— От рака бабуля и померла в конце концов. Последним, что она сделала в своей жизни, были восемь литров самогона. Выгнала, разлила по банкам, легла — и всё. Им её и помянули соседи, которые помогали мне с похоронами. Похоже, у неё тоже, кроме меня, больше никого не было. После смерти я нашёл в её вещах боевые ордена. Оказалось, что она ветеран войны, хотя никогда не надевала их даже на День Победы. Служила в военном флоте, а кем, как, где — не знаю. Бабуля не хранила документов. Кстати, пацан, тебе не кажется, что за нами кто-то идёт?
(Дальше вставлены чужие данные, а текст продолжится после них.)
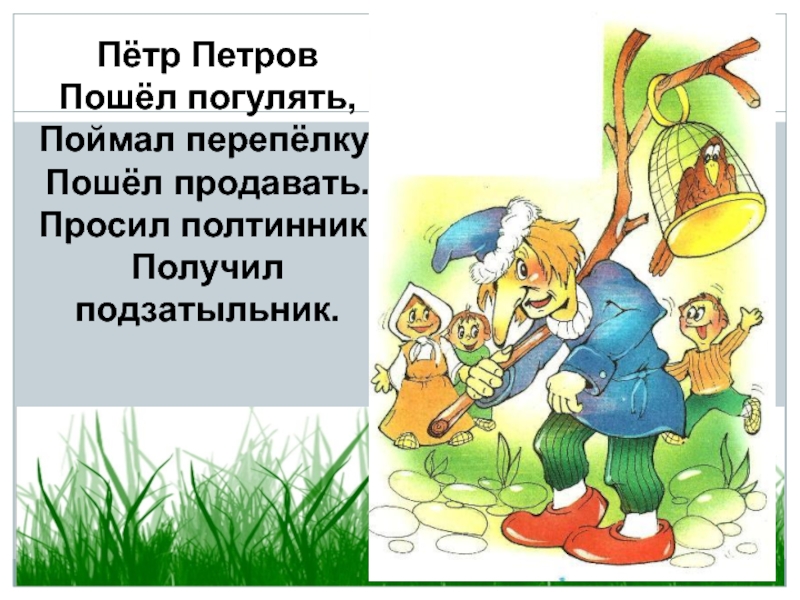 Пётр ПетровПошёл погулять,Поймал перепёлку,Пошёл продавать.Просил полтинник,Получил  подзатыльник.

Ты только не озирайся. Вот, молодец, топай себе как топал. Может, мне и показалось, но я вроде как бы чувствую чужой взгляд. Никакой мистики, просто большой опыт. Или это просто мародёр какой-нибудь по руинам шарится. Хотя что тут искать? В сопли всё растёрло. Всё и всех. Уж прости за неделикатность, ты наверняка потерял кого-нибудь, это мне все чужие. Ты не думай, я не совсем бесчувственный. Просто когда умирает один человек — это трагедия, а когда все — это статистика. Невозможно оплакать миллиарды. Знаешь, что? Давай-ка начнём искать ночлег. Оно, вроде, ещё и рано, но, судя по состоянию местности, найти что-нибудь с крышей, которая не упадёт нам на голову, может оказаться не так-то просто. Так что идём потихоньку и смотрим по сторонам. Такая хорошая будочка, как вчера, вряд ли попадётся, но сойдёт любое закрытое помещение. Не нравится мне этот взгляд в спину. Хорошо, если паранойя, а ну как нет? Не удивлюсь, если уже и каннибалы какие-нибудь объявились. На самом деле люди быстро дичают, если это не сказка про Робинзона. Его прототип, моряк Селкирк, пробыл на острове всего несколько лет и одичал при этом так, что обезьяны в зоопарке ему бы руки не подали. Не хотелось бы проснуться от того, что кто-то впился зубами в мою худую жопу…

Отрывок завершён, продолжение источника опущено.